"Gorizia and Nova Gorica belonged
to different political worlds, and even if they had only ten
inhabitants, for what they did, they would be symbolic enough."
"They must make people understand that the world can change even
for the good, not only for the bad." Romano Prodi is convinced
of this as he talks about Europe and enlargement in an interview
with Il Piccolo and Messaggero Veneto today, as the two Gorizias
prepare to become the European Capital of Culture in 2025.
With Ukraine, Gaza, and the Red Sea crises, "it is doubly
important" to spread this message, Prodi underlines, "because it
is against the tide. There is war, but there are also peoples
who have united instead of slaughtering each other. Today, it is
symbolically vital to show how the EU has created peace within
it. Then we go to the European elections. People will understand
that Europe has made this possible."
The former EU Commission president remarked that the Gorica
border was the first barbed-wire border he saw during his
university years "between 1959 and 1961." In 2004, Prodi
celebrated its fall when Slovenia joined the EU.

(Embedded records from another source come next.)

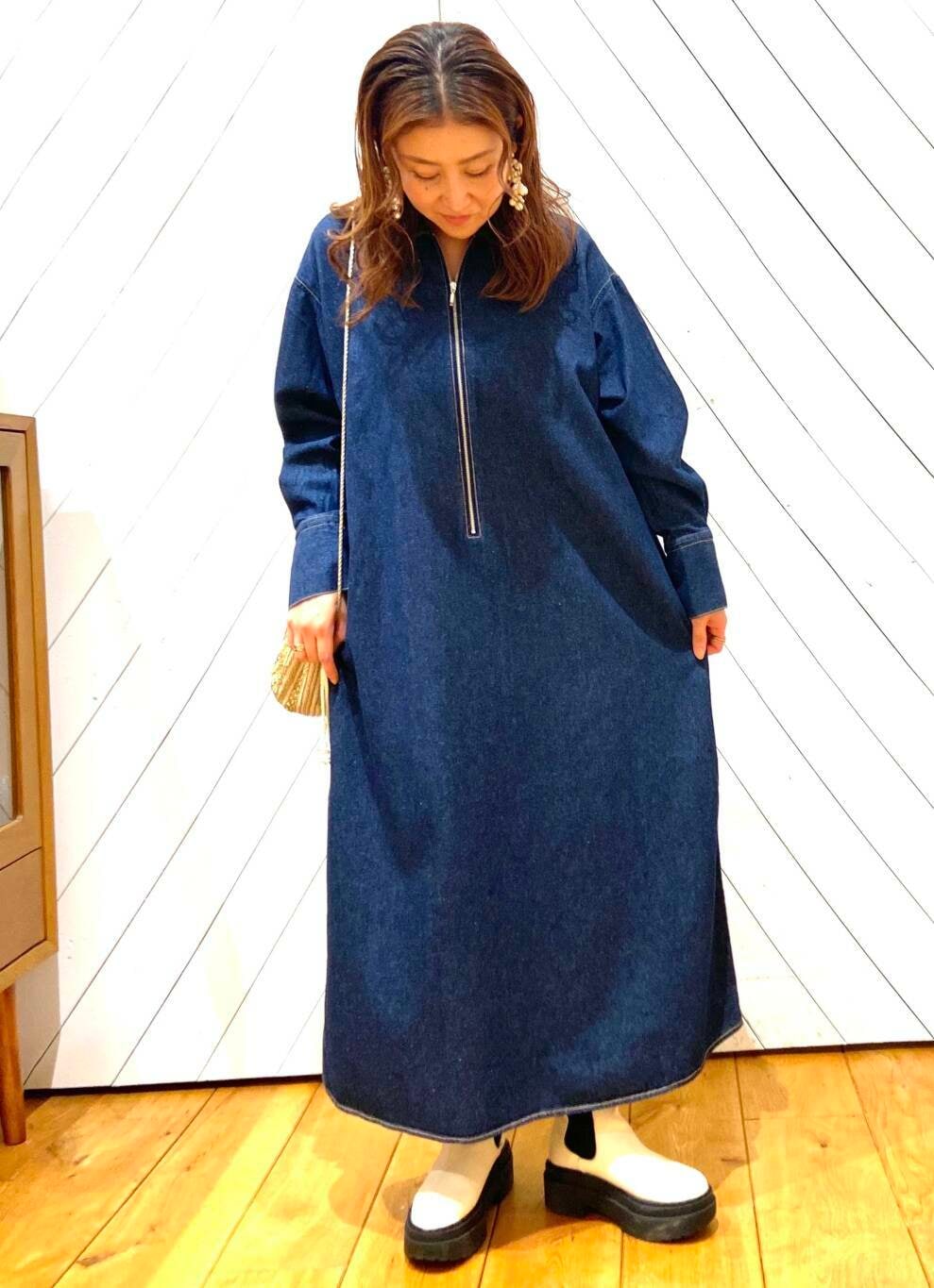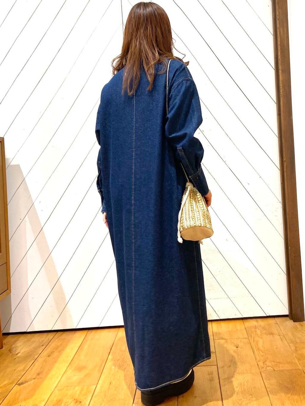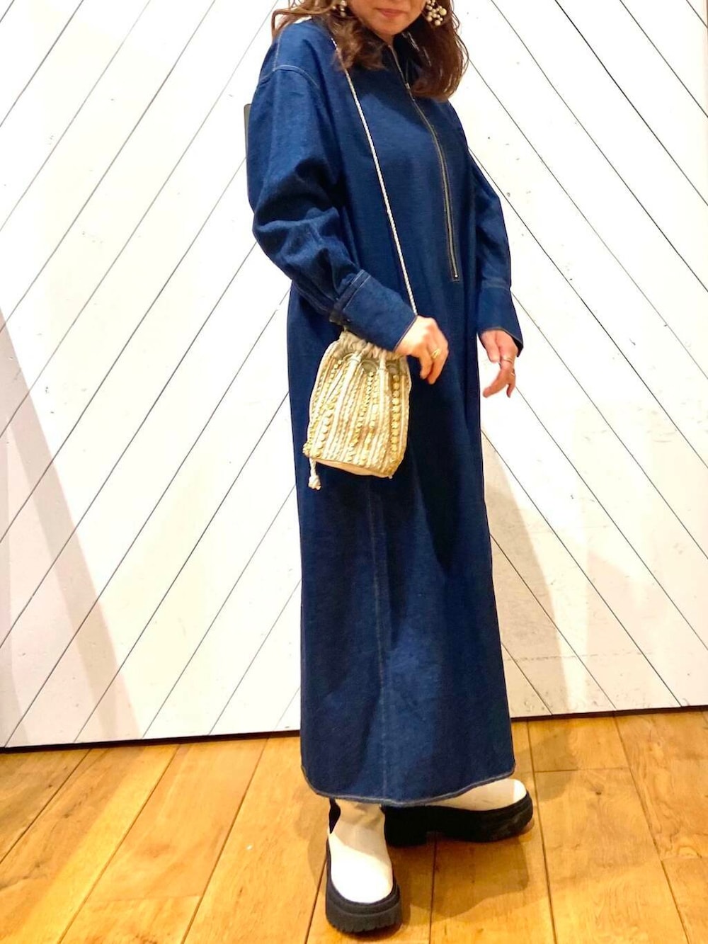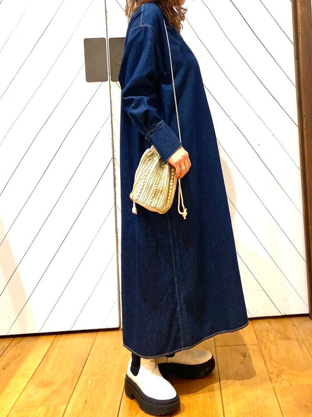 キレイめデニムワンピにビーズ刺繍がされた巾着バッグ♡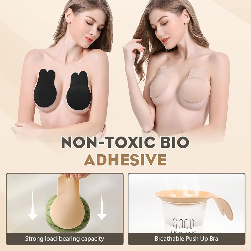 Características: Las cubiertas de pezón de sujetador reutilizables sin tirantes para mujer crean un pecho encantador en forma de V profunda. Hecho de silicona médica autoadhesiva, respetuoso con la piel, no deja rastro en la piel después de la eliminación. 2 alas laterales únicas, empuja hacia arriba el pecho y proporciona un aspecto suave mientras sostiene y mejora su forma. look transparente, noche, etc. Especificación Tipo: sujetador adhesivo invisible Material: silicona Características: Levantamiento de senos, Reutilizable, Invisible Color: negro y beigeTamaño: 11cm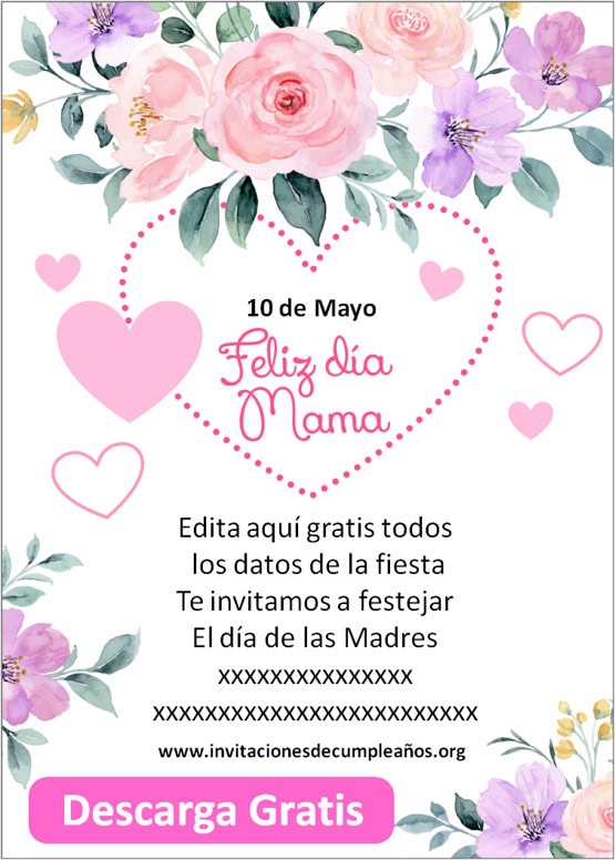 [+16] Invitaciones DÍA DE LA MADRE para editar Gratis, Podes crear online tu invitación para imprimir, enviar por Whatsapp, Facebook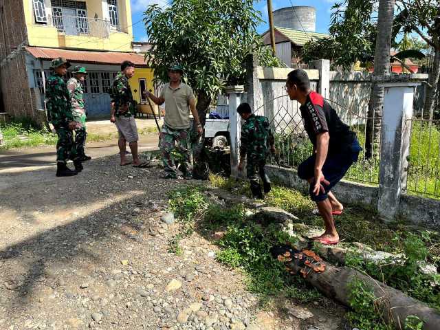 Aroma semangat gotong royong menggema di sepanjang jalan. Di bawah koordinasi Koramil 1420-05/Dua Pitue dan Damkar Dua Pitue, puluhan personel bahu-membahu membersihkan saluran air yang tersumbat.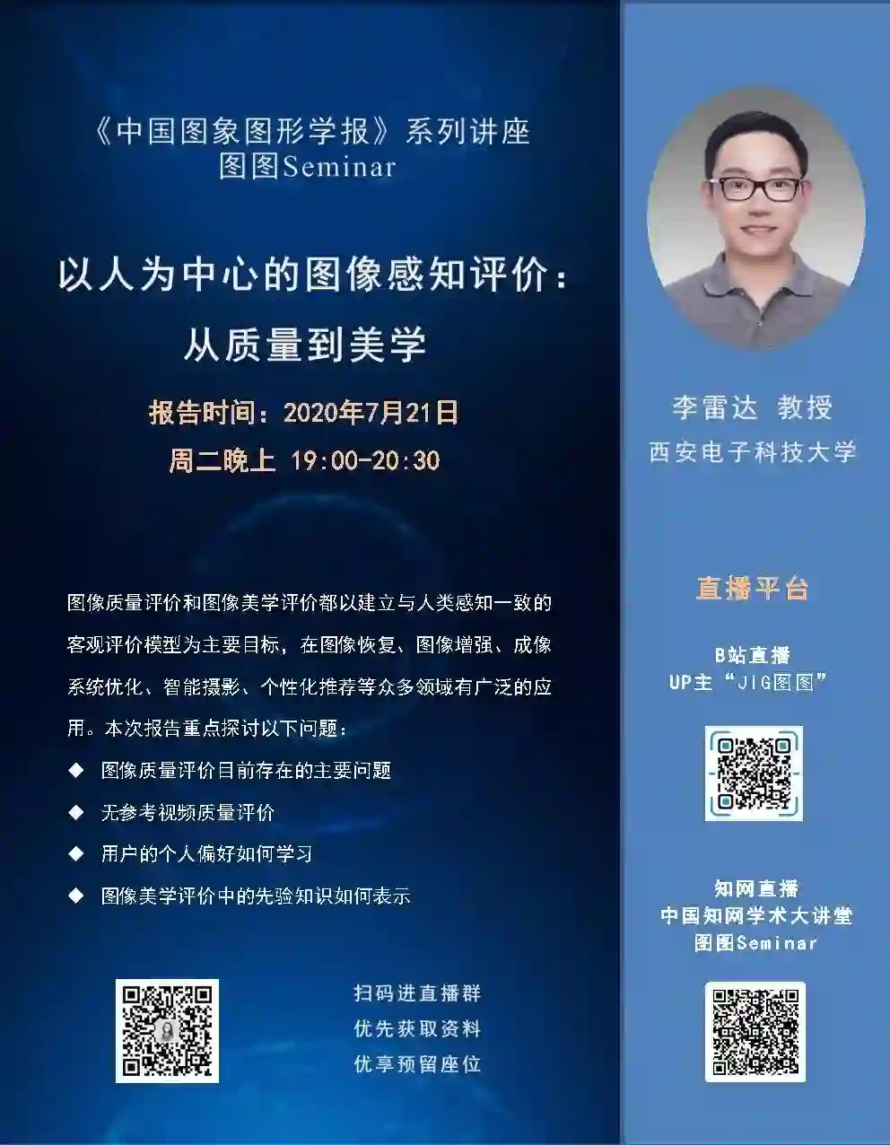 本期“图图Seminar”特别邀请西安电子科技大学李雷达教授,为大家带来“以人为中心的图像感知评价:从质量到美学”的报告,分享图像质量评价的基础和前沿。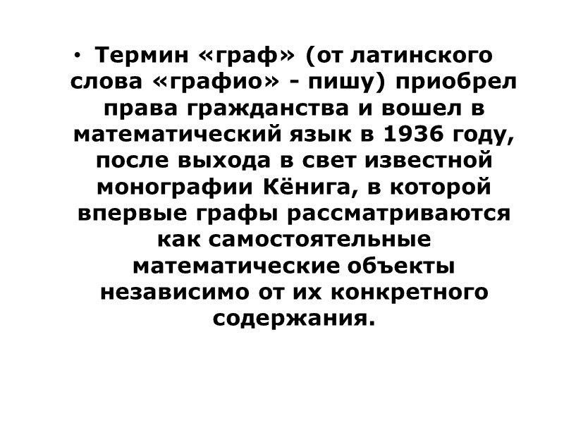 Термин «граф» (от латинского слова «графио» - пишу) приобрел права гражданства и вошел в математический язык в 1936 году, после выхода в свет известной монографии Кёнига, в которой впервые графы рассматриваются как самостоятельные математические объекты независимо от их конкретного содержания.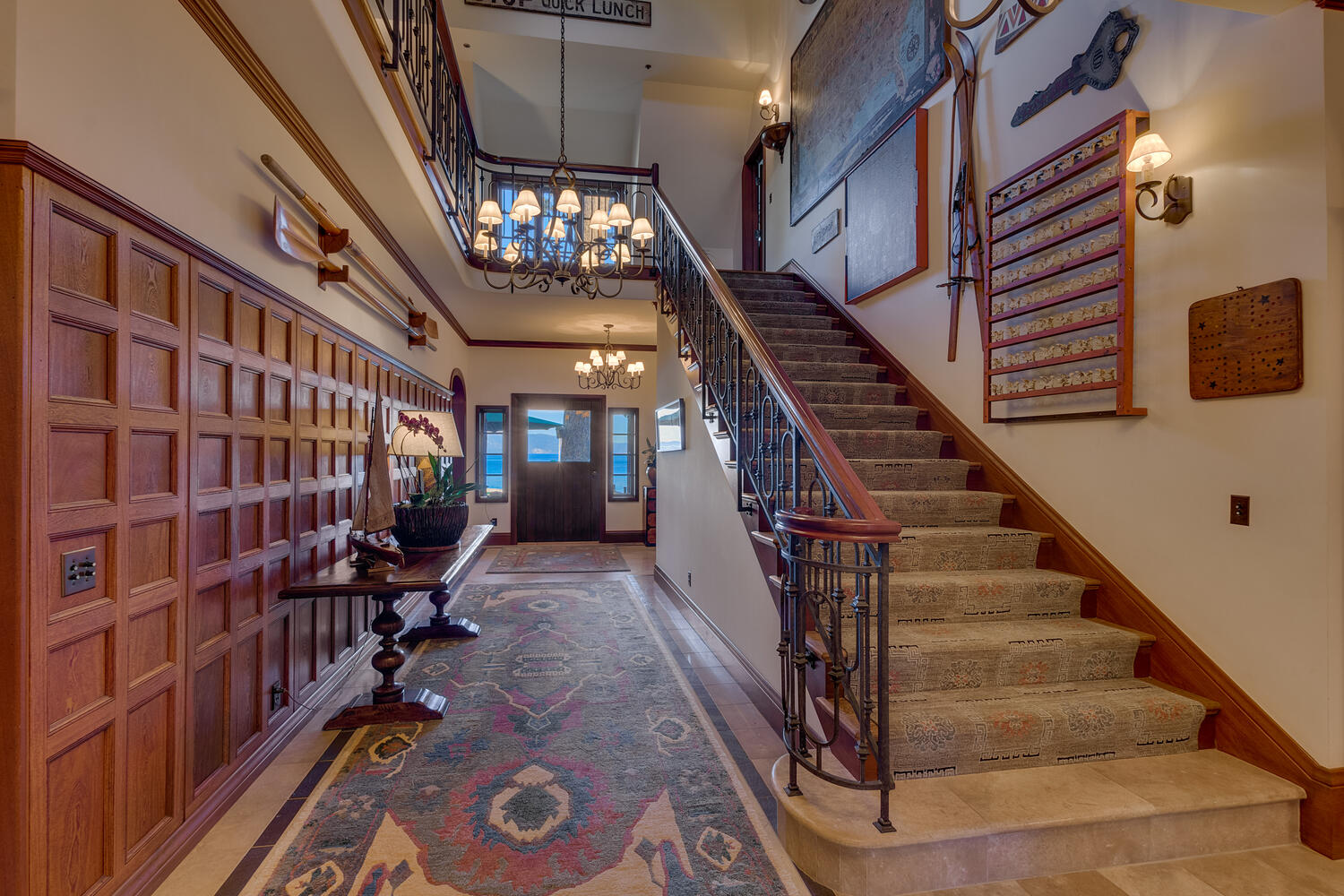 Pass through the courtyard, over the hand-hewn insulated stones, to reach the front door of the 7 bedroom & 7.5 bath main house and immediately, you are struck by both grace and grandeur. Inspired by the famed Pope Estate, this home was designed both inside and out as a tribute to Lake Tahoe's past, recognizing the west shore's magnificent homesteads of yesteryear. Custom finishes and fine materials hand-selected by famed L.A. designer Gary Gibson Interior Design impeccably showcase both elegance and history. From Mahogany walls to remarkable relics, the details evoke dignity and sophistication, while geniously maintaining a comfortable space, meant to be enjoyed by all.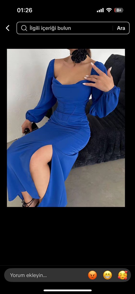 Bu dar kesim uzun elbise, drapeli tekne yakası ve askılı kollara sahiptir. Koyu mavi, ipeksi kumaştan, ışıltılı ve çağdaş bir tarz sunar. L beden ama M bedenlerde tercih edebilir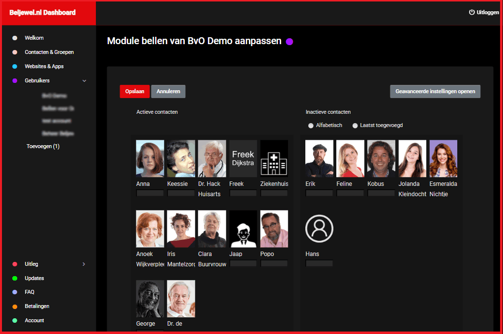Op mijn beljewel kunt u meerdere gebruikers (dus Apps) beheren en makkelijk aanpassen.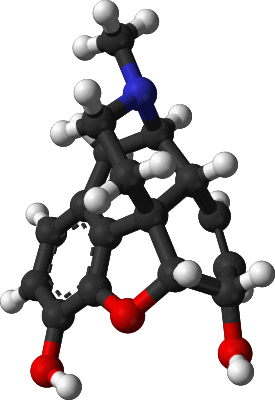 Morphine molecule from a public domain image on Wikipedia Commons.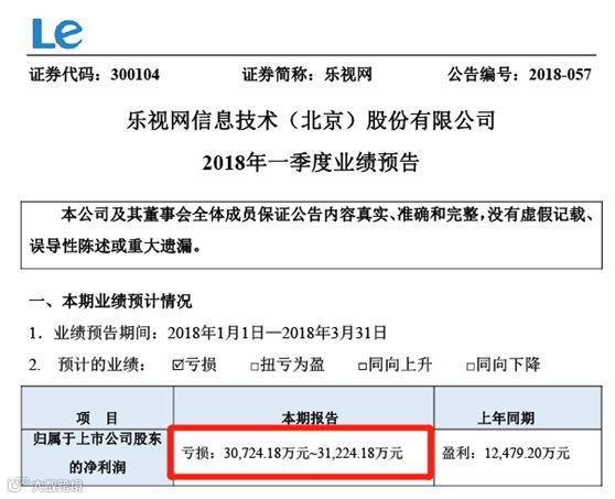在大虾截稿之前,乐视发布了晚间最新公告,披露了2018年第一季度业绩预告,称今年一季度亏损3.07亿-3.12亿。同时本季度的广告收入、终端收入以及会员收入同比均出现大幅下滑。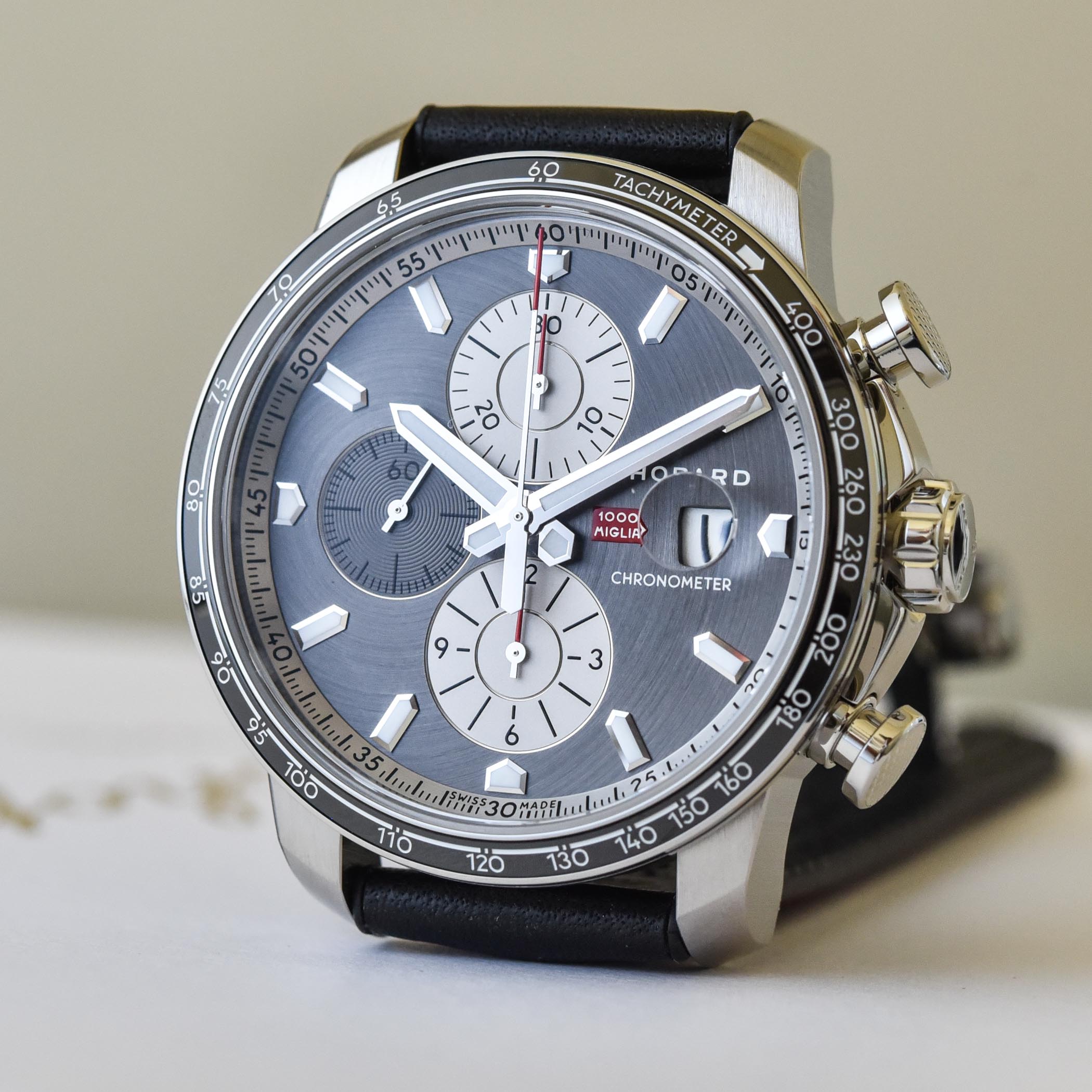 Classy chronographs with chronometer-certified automatic movements celebrate Chopard’s ongoing commitment to the legendary 1000 Miglia car race.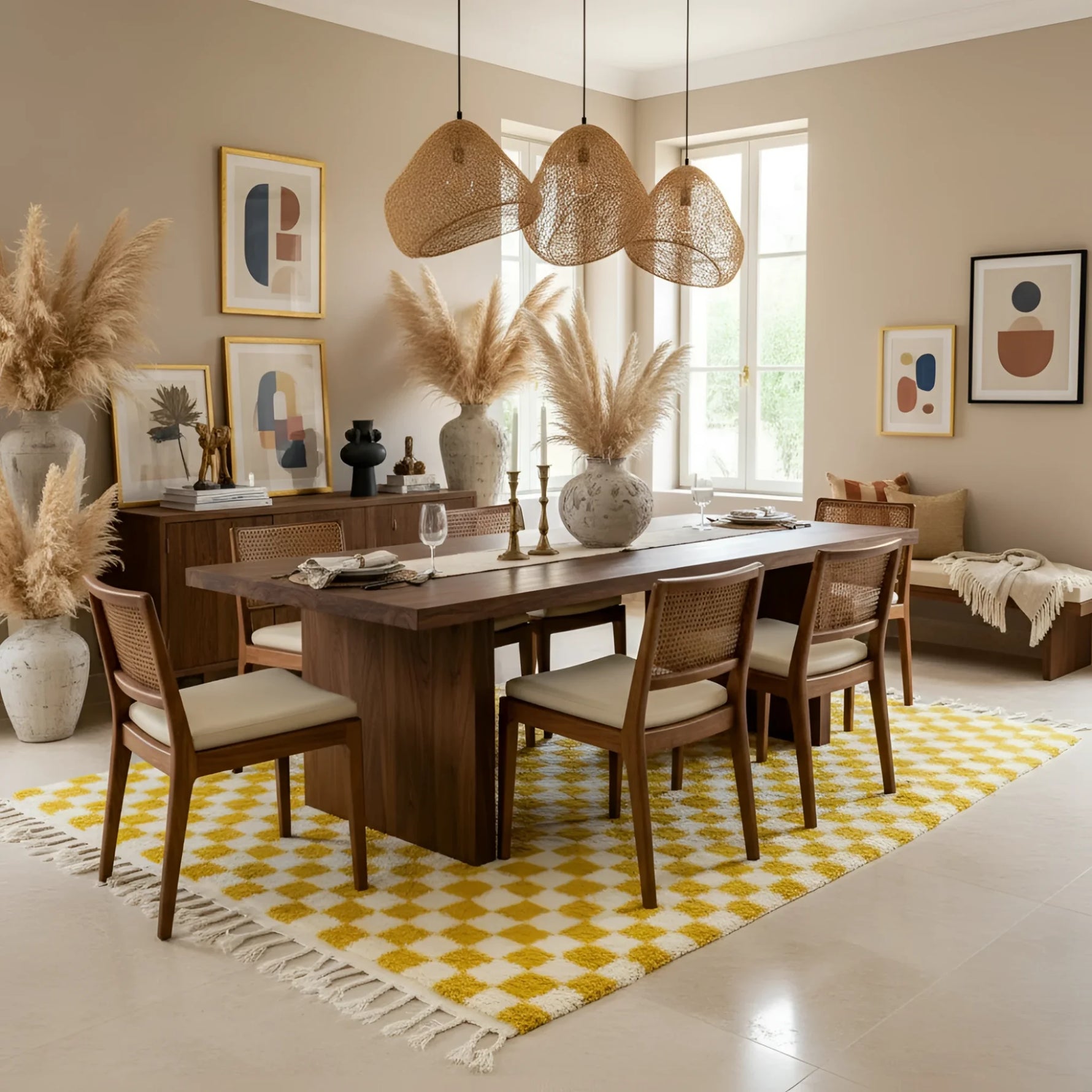 This beautiful wool rug was made by hand by Berber women in Morocco's High Atlas Mountains. It will add a classic touch to your home. It's made totally by hand from pure Moroccan wool and has a standard yellow and white checker pattern that was inspired by tribal patterns. For cozy, classy rooms, it's great because it's soft, long-lasting, and full of history.

"I have always believed that the former Yugoslavia and
Albania were part of Europe," Prodi added, speaking of
enlargement, "we are very late because of the delays in
negotiations caused by France with Albania and Macedonia. It is
a process that must go on. There is no obstacle as these
countries do not have such a great economic weight to create
disturbances or problems. Certainly, they must be accompanied by
a change in European institutions, but this should have been
done with the 2004 enlargement," "instead it did not happen."